He tugged open the door, and you can guess who stood there—Mrs. Pule, grinning Hke a gibbon ape and holding the gun. I whirled around to the outside door, which still stood open, ready to leap out into the night, and thinking, of course, that one of us ought to get out in order to find the constable, to summon aid. Could I help it if it was always me who was destined for such missions? But there stood Willis, right outside, looking haggard and wearing the mask of tragedy—and training the captain's rifle on me with ominously shaking hands. I stopped where I stood and waited while Mrs. Pule took Hasbro's revolver away from him. So much for that.
They marched us back through the ice room, the floor of which was wet and mucky with meltwater and sopping hay, and smelled like an ammoniated swamp. I was desperately cold all of a sudden, and thought about how unpleasant it was to have to face death when you were shaking with cold and dead tired and it was past three in the morning. The night had been one long round of wild escapes, followed by my striding back into various lion's dens and tipping my hat. There was no chance of another go at it now, though, with one of them in front and one behind.
St. Ives started right in, as soon as he saw Narbondo lying there on the table. He felt for a pulse, nodded, and raised one of the doctor's eyelids. Next he examined the bladder apparatus and sniffed the elixir, and then, as if it was the most natural and unpretentious thing in the world, he slipped the bottle of elixir into his coat pocket.
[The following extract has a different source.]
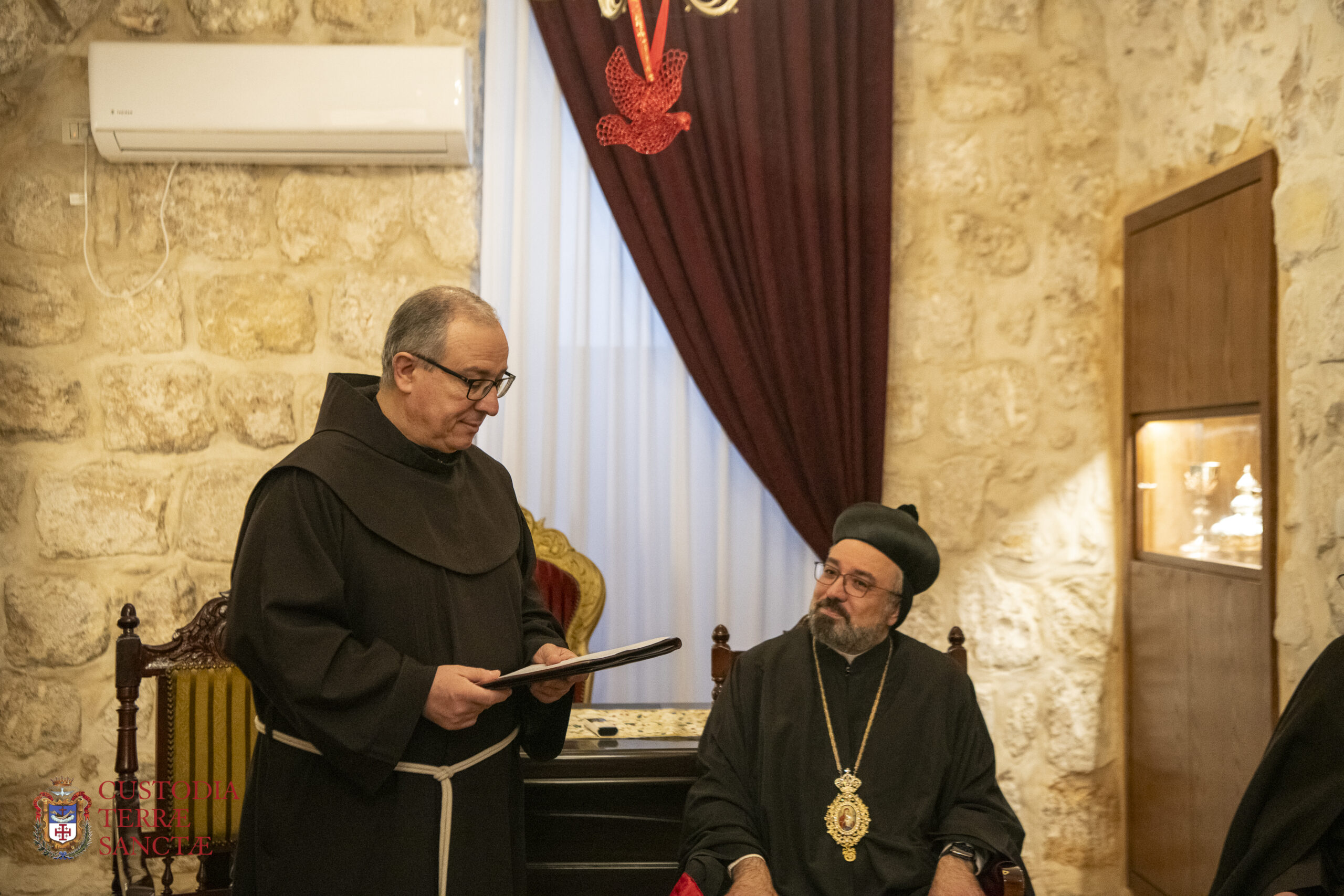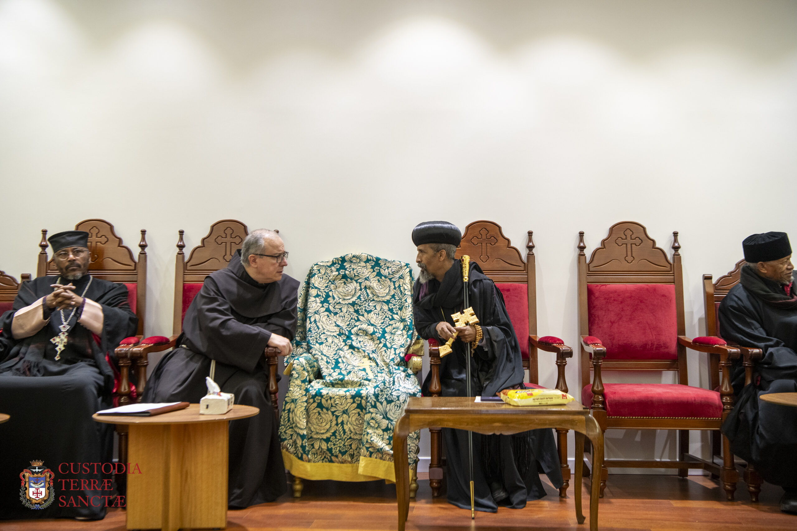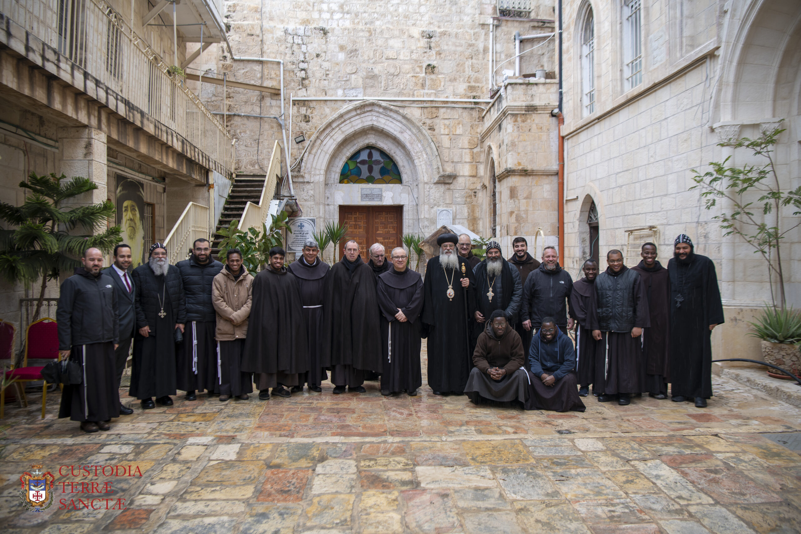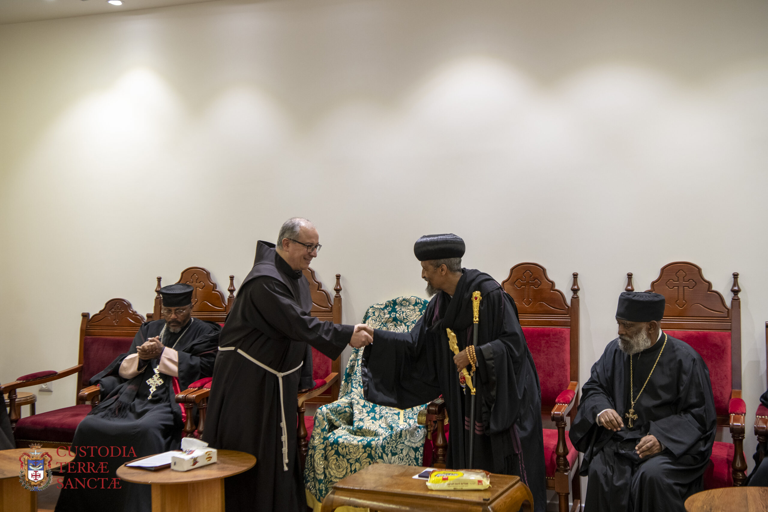The Custos, accompanied by some confreres of the Custody of the Holy Land, paid visits to the headquarters of the Greek Orthodox Patriarchate, the Syriac Orthodox Patriarchate, the Coptic Orthodox Patriarchate, and the Ethiopian Orthodox Patriarchate, to share a moment of prayer and celebration in the full spirit of Christmas.

"Out with it!" hissed the woman, tipping the revolver against my head. My eyes shot open in order to better watch St. Ives remove the bottle.
"Wake him up," she said, removing the revolver from my temple and gesturing toward the sleeping doctor.
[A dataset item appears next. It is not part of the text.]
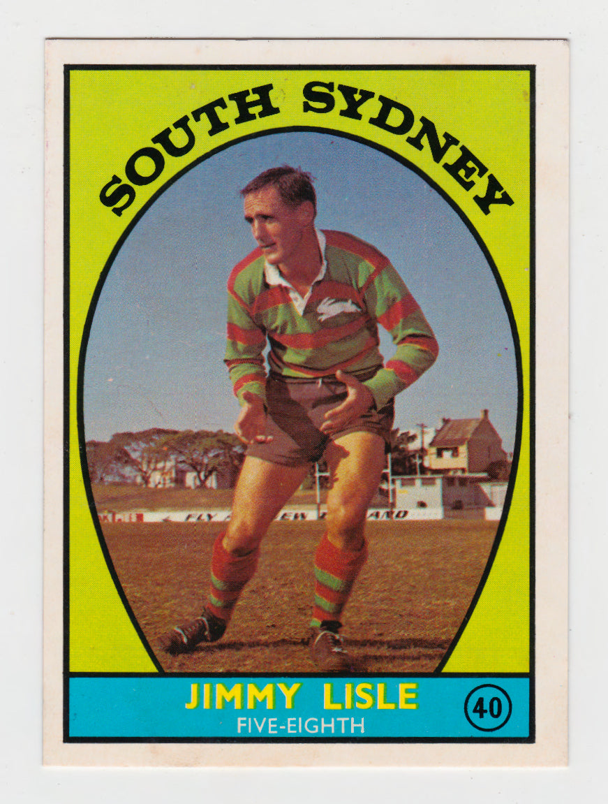 Scanlens 1968 A Grade NRL Football Card #40 - Jimmy Lisle - South Sydney. The card has a few surface marks. All images are of the actual item.
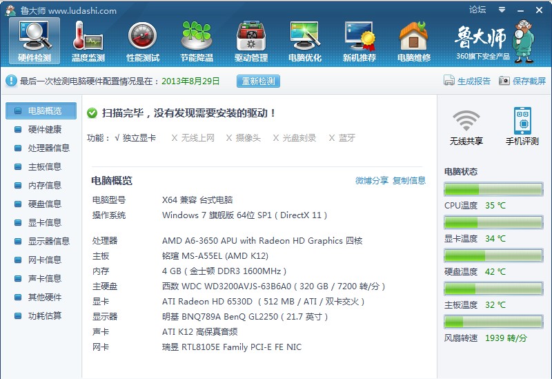 鲁大师拥有专业而易用的硬件检测,不仅超级准确,而且向用户提供中文厂商信息,让用户的电脑配置一目了然,拒绝奸商蒙蔽。它适合于各种品牌台式机、笔记本电脑、diy兼容机,实时的关键性部件的监控预警,全面的电脑硬件信息,有效预防硬件故障,让用户的电脑免受困扰。鲁大师帮用户快速升级补丁,安全修复漏洞,系统一键优化、一键清理、驱动更新。更有硬件温度监测等带给用户更稳定的电脑应用体验

St. Ives shook his head. "I'd love to," he said. "But I don't know how. It would be the happiest day of my life if I could animate him in order that he be brought to justice."
She laughed out loud. "Them's my words," she said, referring to that day in Godall's shop. "Justice! We'll bring him justice, won't we, Willis?"
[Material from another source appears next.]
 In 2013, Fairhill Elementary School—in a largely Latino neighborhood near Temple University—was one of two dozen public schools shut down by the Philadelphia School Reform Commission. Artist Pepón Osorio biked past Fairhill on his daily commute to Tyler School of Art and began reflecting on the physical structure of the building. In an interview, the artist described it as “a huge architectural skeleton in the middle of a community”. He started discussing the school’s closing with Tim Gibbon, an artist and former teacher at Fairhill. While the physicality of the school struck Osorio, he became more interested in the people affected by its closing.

Willis nodded, wild with happiness now—partly, I thought, because of St. Ives's insisting that the doctor couldn't be awakened. Pule didn't want him awake. He picked up his bag of instruments and set it on the table. When he opened it, I could smell burnt rubber, and sure enough, he pulled out the hacked and charred fragments of the toy elephant and the little collection of gears, put back together now. "This is what I did to his elephant," he said, nodding at me, but looking at Higgins.
"Elephant?" Higgins said, casting me a terrified and wondering glance. This obscure reference to the elephant must have struck him as significant in some unfathomable way, largely because what Pule held in his hand no longer had anything to do with elephants. It was simply a limp bit of flayed rubber and paint.
I shrugged at Higgins and started to speak to the poor man, but Willis cut me off, shouting, "Shut up!" in a lunatic falsetto and blinking very fast and hard. He wasn't interested in hearing from me. He was caught up in his own twisted story, and he happily set about laying out an array of operating instruments—scalpels and clamps and something that looked a little like a bolt cutters and a little like a pruning shears and was meant, I guess, for clipping bone.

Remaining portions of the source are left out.